- Film poster
- Directed by: Kinuyo Tanaka
- Screenplay by: Masashige Narusawa
- Based on: Ogin-sama; by Tōkō Kon;
- Produced by: Sennosuke Tsukimori; Shigeru Wakatsuki;
- Starring: Ineko Arima; Tatsuya Nakadai; Nakamura Ganjirō II; Mieko Takamine; Osamu Takizawa; Keiko Kishi;
- Cinematography: Yoshio Miyajima
- Edited by: Hisashi Sagara
- Music by: Hikaru Hayashi
- Production companies: Ninjin Club; Shochiku;
- Distributed by: Shochiku
- Release date: 3 June 1962 (Japan);
- Running time: 101 minutes
- Country: Japan
- Language: Japanese

= Love Under the Crucifix =

1962 Japanese film

Love Under the Crucifix (お吟さま, Ogin-sama) is a 1962 Japanese historical drama film directed by Kinuyo Tanaka, based on Tōkō Kon's novel Ogin-sama. It was the last film Tanaka directed.

==Plot==
Set in late 16th century Japan, the film tells the tragic love story between Ogin, daughter of tea ceremony master Sen no Rikyū, and Christian daimyō Takayama Ukon. Friends since their childhood days, Ukon first introduced her to the Christian faith when she was sixteen. During Ukon's visit to her father's house, Ogin confesses her feelings for him, but his marriage makes it impossible to return them. Soon afterwards, merchant Shintaro of the powerful local Mozuya family proposes to Ogin. Because her mother reminds her that refusing the proposal might result in consequences for her father, and Ukon does not show any sign of opposition, Ogin reluctantly accepts.

Two years later.
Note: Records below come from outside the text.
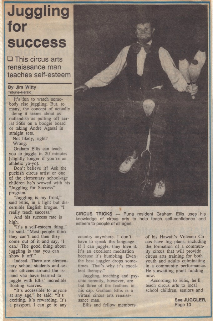 Between 1990 and 2014 I brought together a solid team and organised circus classes, summer camps, workshops, parades and performances of all sizes on six Hawaiian islands. Our circus kids were regularly featured in statewide newspapers, magazines, and even on TV. We presented well over two hundred school shows statewide and attended dozens and dozens of festivals, fundraisers and community events with audiences large and small from a diversity of cultures.
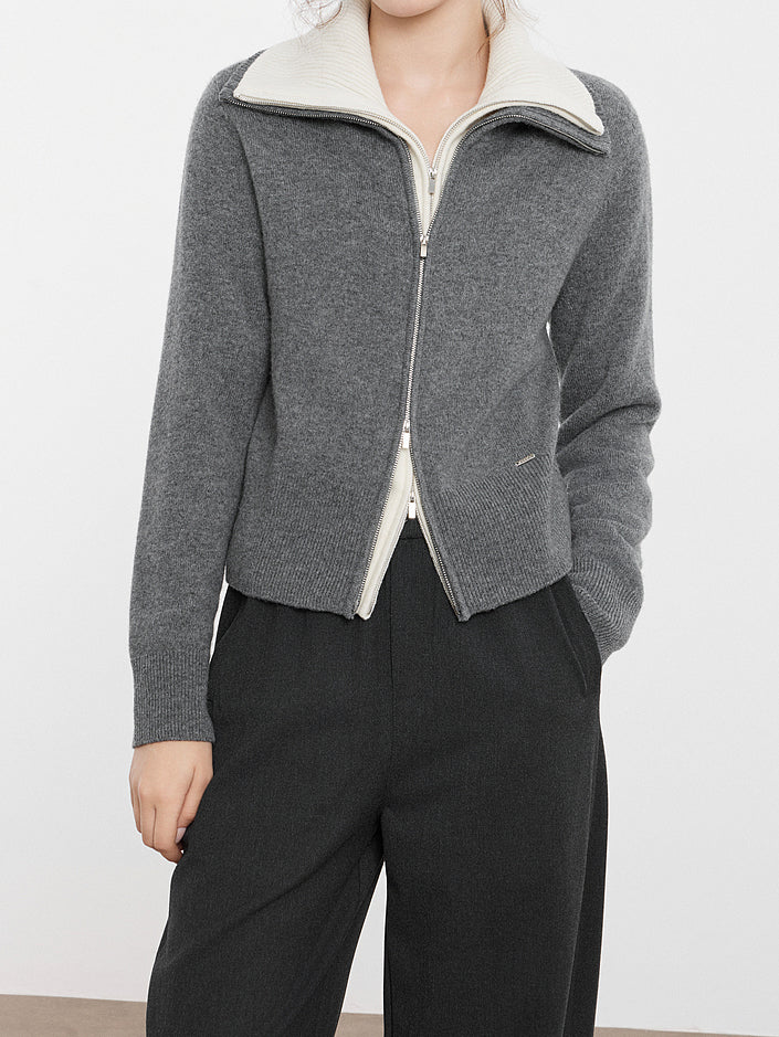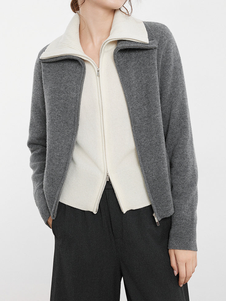 High-neck zip-up knit in 2 colors
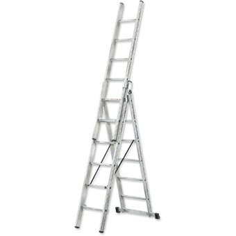 PRODUCT DESCRIPTIONS:5 different configurations combined in a 3-section ladder Straight ladder, double- or triple-section sliding extension ladder, a stepladder or extending stepladder Exceptionally stable Sturdy outrigger-type transverse base bar fitted with anti-slip rubber feet 4 internal and 4 external fixing points provide 8 fold professional security between rungs and side rails Wide cross section aluminium side rails minimise flexing Maximum load 150kg Manufactured according to strictest quality and safety rules Conforms to EN131 and are approved by an appropriate authority Manufactured in the EU Delivered direct to your door from Germany.
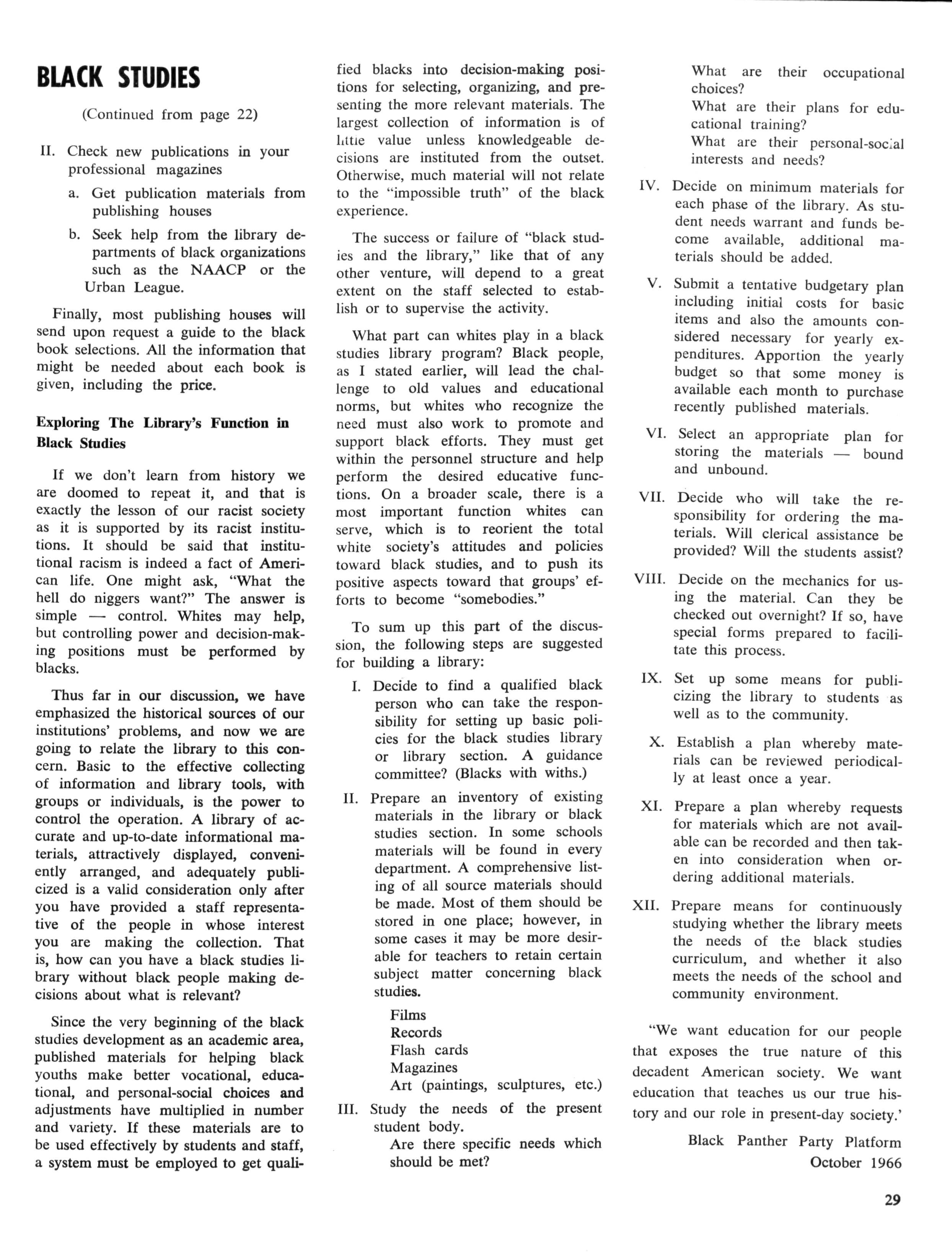 From early times the different cultures of man have had an instinctive desire to record their thoughts and deeds Black studies, with library support, will be able to bring together the memories of the black race: scientists, historians, poets, philosophers, and others who have interest in the field of black studies will be our pillars of pride. Through the field of black studies the library will be able to take the young student into a world of black charm and dignity — a new adventure in learning.

Ogin's husband Shintaro blames her for still loving Ukon while rejecting his own advances. Due to the government's increasingly Anti-Christian politics, Ukon, who refuses to renounce his faith, is sent into exile. Ogin and Shintaro meet him one last time before his departure, because Shintaro secretly wants to maintain business with Ukon. After bidding him farewell, Ogin witnesses a young woman taken to her execution for refusing to become daimyō Hidetsugu's mistress. The young woman shows no sign of fear but rather fulfilment for having followed her own heart.

During a tea ceremony at the residence of daimyō Hideyoshi, Shintaro is approached by military commander Ishida. Ishida wants to prevent Ukon's rehabilitation and participation in a planned military campaign and proposes a meeting between Ogin and Ukon which could be used to prosecute both. Ogin and Ukon are tricked into the meeting, but manage to escape before they can be arrested. While taking shelter in a farmer's hut, Ogin learns that Ukon's wife has died in the meantime, and they spend the night together. Upon her return to Shintaro, she asks for a divorce.

Hideyoshi, intent on making Ogin his mistress, invites her to his palace. When she refuses his advances, he gives her two days to reconsider, declaring that otherwise he will claim her father's life. After her return to her family, Rikyū makes preparations to help Ogin escape to Ukon and commit suicide himself, but the house has already been surrounded by soldiers. Ogin makes preparations to take her own life, ordering her maid to take a fan with her farewell note written on it to Ukon who has taken refuge in Kaga.

==Cast==
- Ineko Arima as Ogin
- Tatsuya Nakadai as Takayama Ukon
- Mieko Takamine as Riki
- Masakazu Tamura as Ogin's younger brother
- Minoru Chiaki
- Ryūji Kita
- Kuniko Miyake
- Tatsuo Endō
- Yoshi Katō
- Ryosuke Kagawa
- Manami Fuji as Uno
- Yumeji Tsukioka as Lady Yodo
- Kōji Nanbara as Ishida Mitsunari
- Chishū Ryū as Sokei
- Nakamura Ganjirō II as Sen no Rikyū
- Osamu Takizawa as Toyotomi Hideyoshi
- Keiko Kishi as prosecuted woman
- Hisaya Itō as Mozuya Soan

==Legacy==
A 4K restored version of the film was presented at the Tokyo International Film Festival in 2021, at Film at Lincoln Center in 2022 and at the Harvard Film Archive in 2023.

Tōkō Kon's novel was again adapted for the 1978 film Love and Faith, directed by Kei Kumai.